◆ DIRECTIONS FOR THIS TASK: In your copy, leave out all pictures and reproduce every entry exactly.

▬▬▬▬▬▬▬▬▬▬

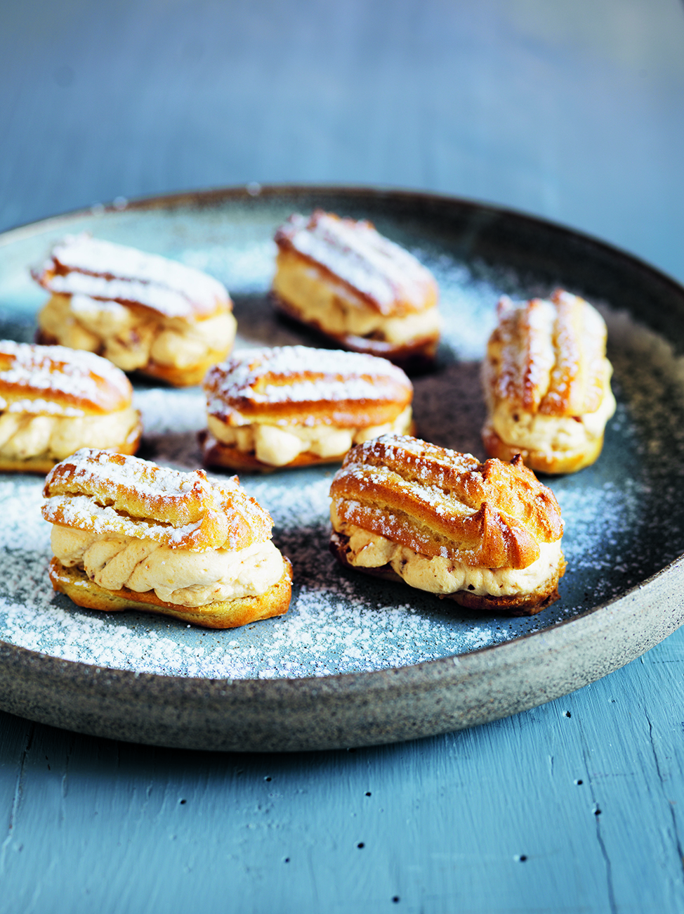 These are inspired by an iconic cake they make at La Glace called ‘sports cake’. It has nothing to do with sports, but there has always been a tradition in Copenhagen of naming cakes after famous people and events. This one was named after a late-19th-century political play called Sports Men. Here, I have focused on the choux pastry and a very simple cream, so they are easy to make at home, but they don’t take the place of the real thing.
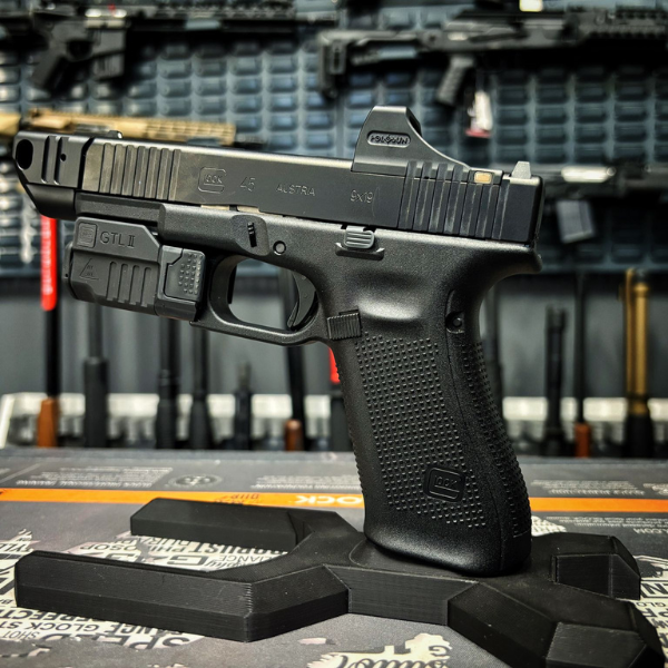 - Łatwy montaż – urządzenie mocuje się bezpośrednio do kompatybilnej lufy / zamka Gen 5 i nie wymaga trwałych, skomplikowanych modyfikacji konstrukcji.
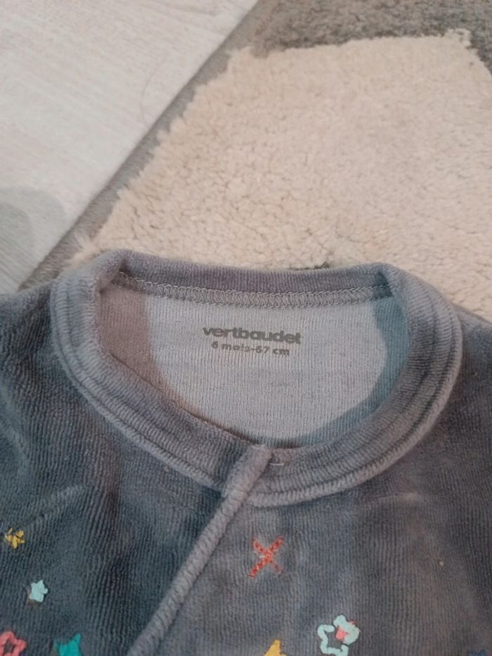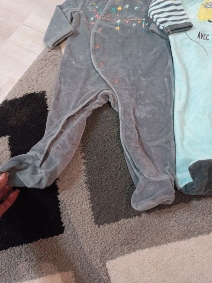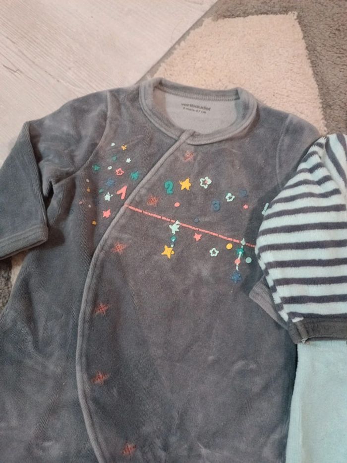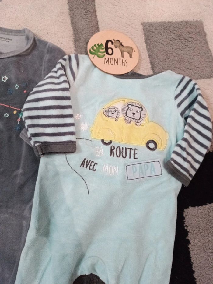 Lot de 2 pyjamas : - Le gris de Verbaudet (imprimé flocage abîmé voir photo), ouverture à pressions sur le devant et jambes, sinon très bon état. - Le bleu de Gémo, très bon état, pressions dans le dos #tetell29_bbgarcontaille6mois
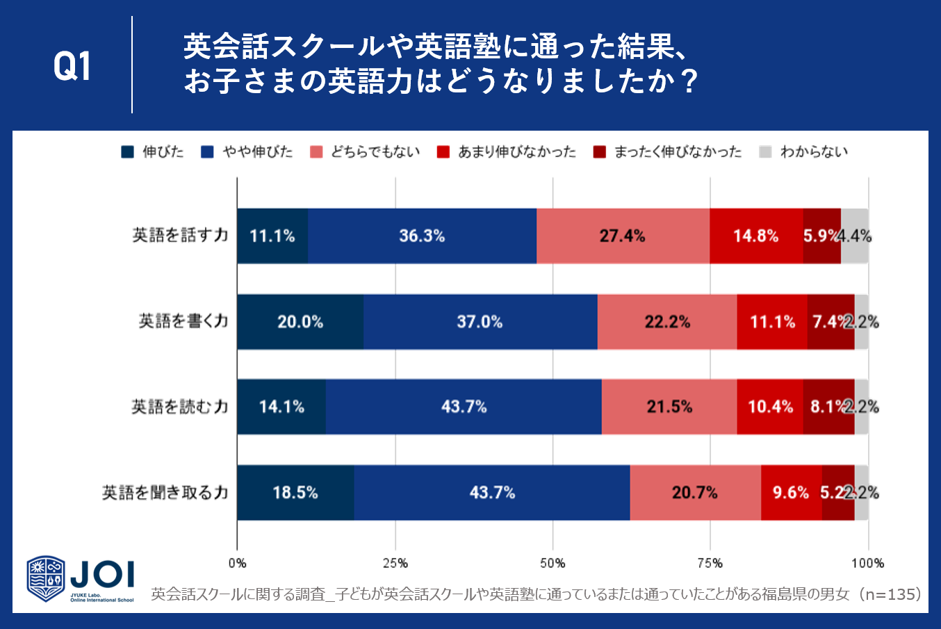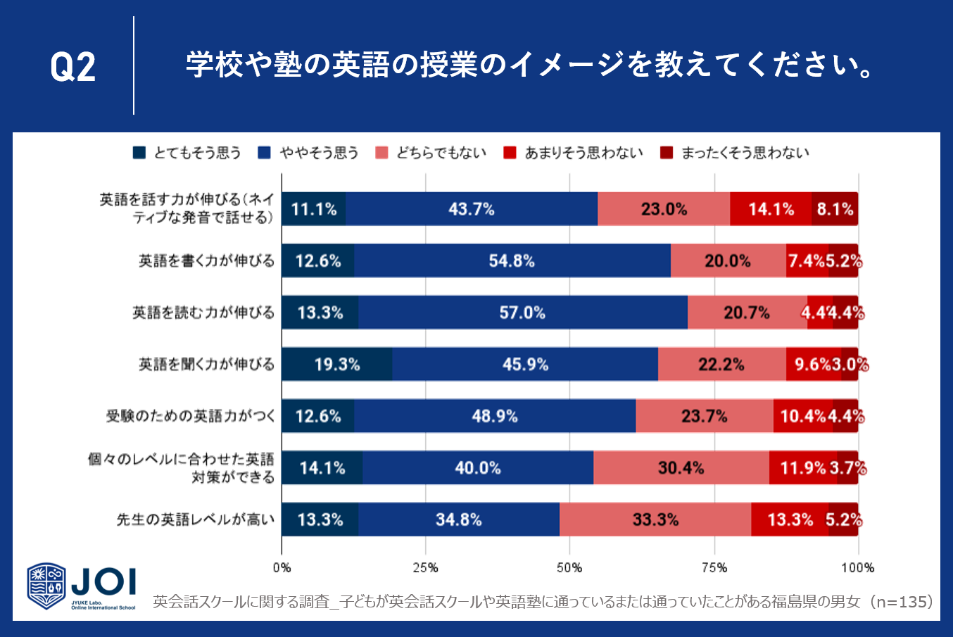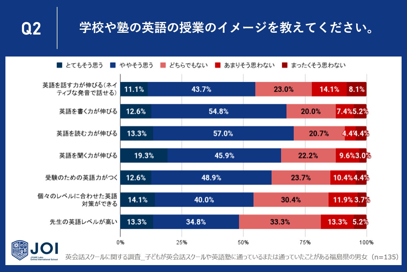 今回は、子どもが英会話スクールや英語塾に通っているまたは通っていたことがある福島県の男女135人に、英会話スクールや英語塾の効果に関するアンケート調査を実施しました。
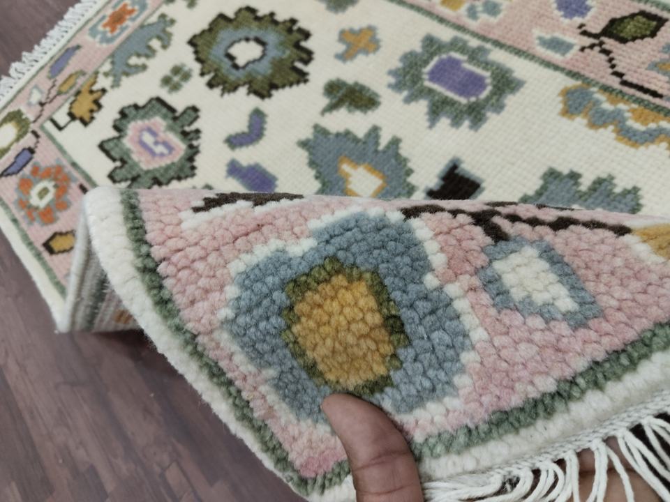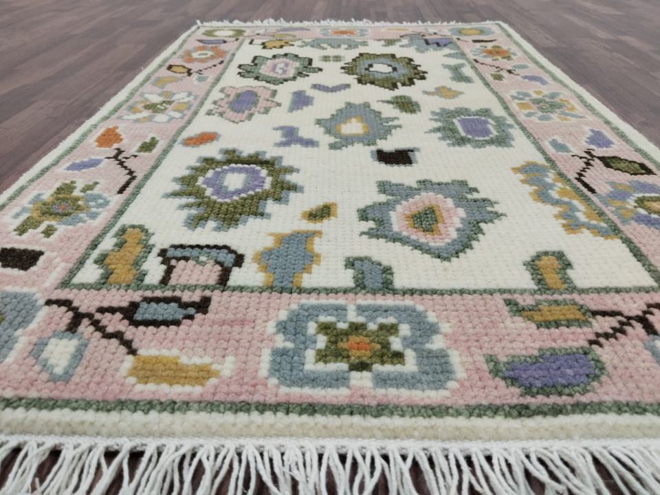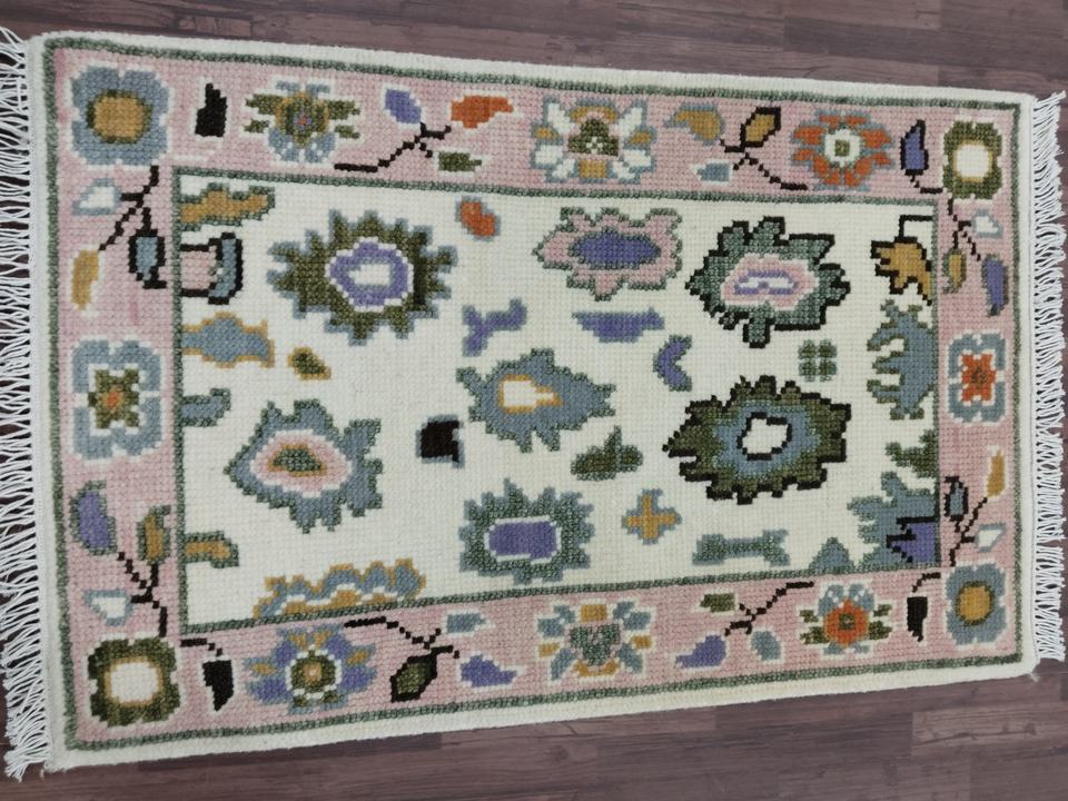 พรมปูพื้นลายดอกไม้สีชมพูถักมือแบบใหม่ | พรมทำมือจากขนสัตว์ขนาดเล็ก แรงบันดาลใจจากอูชาค | พรมตกแต่งห้องนั่งเล่นสไตล์วินเทจ
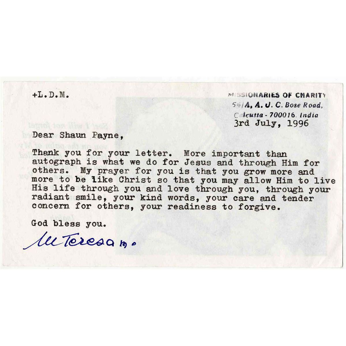 Mother Teresa typed letter signed, dated 3 July 1996. Letter is addressed to Shaun Payne and reads in part, ''…More important than autograph is what we do for Jesus and through Him for others. My prayer for you is that you grow more and more like Christ so that you may allow Him to live His life through you and love through you, through your radiant smile, your kind words, your care and tender concern for others, your readiness to forgive. God bless you / M. Teresa''. Letter measures 6.5'' x 3.5'' and is in near fine condition.

▬▬▬▬▬▬▬▬▬▬

◆ WRITTEN SOLUTION:
 These are inspired by an iconic cake they make at La Glace called ‘sports cake’. It has nothing to do with sports, but there has always been a tradition in Copenhagen of naming cakes after famous people and events. This one was named after a late-19th-century political play called Sports Men. Here, I have focused on the choux pastry and a very simple cream, so they are easy to make at home, but they don’t take the place of the real thing.
 - Łatwy montaż – urządzenie mocuje się bezpośrednio do kompatybilnej lufy / zamka Gen 5 i nie wymaga trwałych, skomplikowanych modyfikacji konstrukcji.
 Lot de 2 pyjamas : - Le gris de Verbaudet (imprimé flocage abîmé voir photo), ouverture à pressions sur le devant et jambes, sinon très bon état. - Le bleu de Gémo, très bon état, pressions dans le dos #tetell29_bbgarcontaille6mois
 今回は、子どもが英会話スクールや英語塾に通っているまたは通っていたことがある福島県の男女135人に、英会話スクールや英語塾の効果に関するアンケート調査を実施しました。
 พรมปูพื้นลายดอกไม้สีชมพูถักมือแบบใหม่ | พรมทำมือจากขนสัตว์ขนาดเล็ก แรงบันดาลใจจากอูชาค | พรมตกแต่งห้องนั่งเล่นสไตล์วินเทจ
 Mother Teresa typed letter signed, dated 3 July 1996. Letter is addressed to Shaun Payne and reads in part, ''…More important than autograph is what we do for Jesus and through Him for others. My prayer for you is that you grow more and more like Christ so that you may allow Him to live His life through you and love through you, through your radiant smile, your kind words, your care and tender concern for others, your readiness to forgive. God bless you / M. Teresa''. Letter measures 6.5'' x 3.5'' and is in near fine condition.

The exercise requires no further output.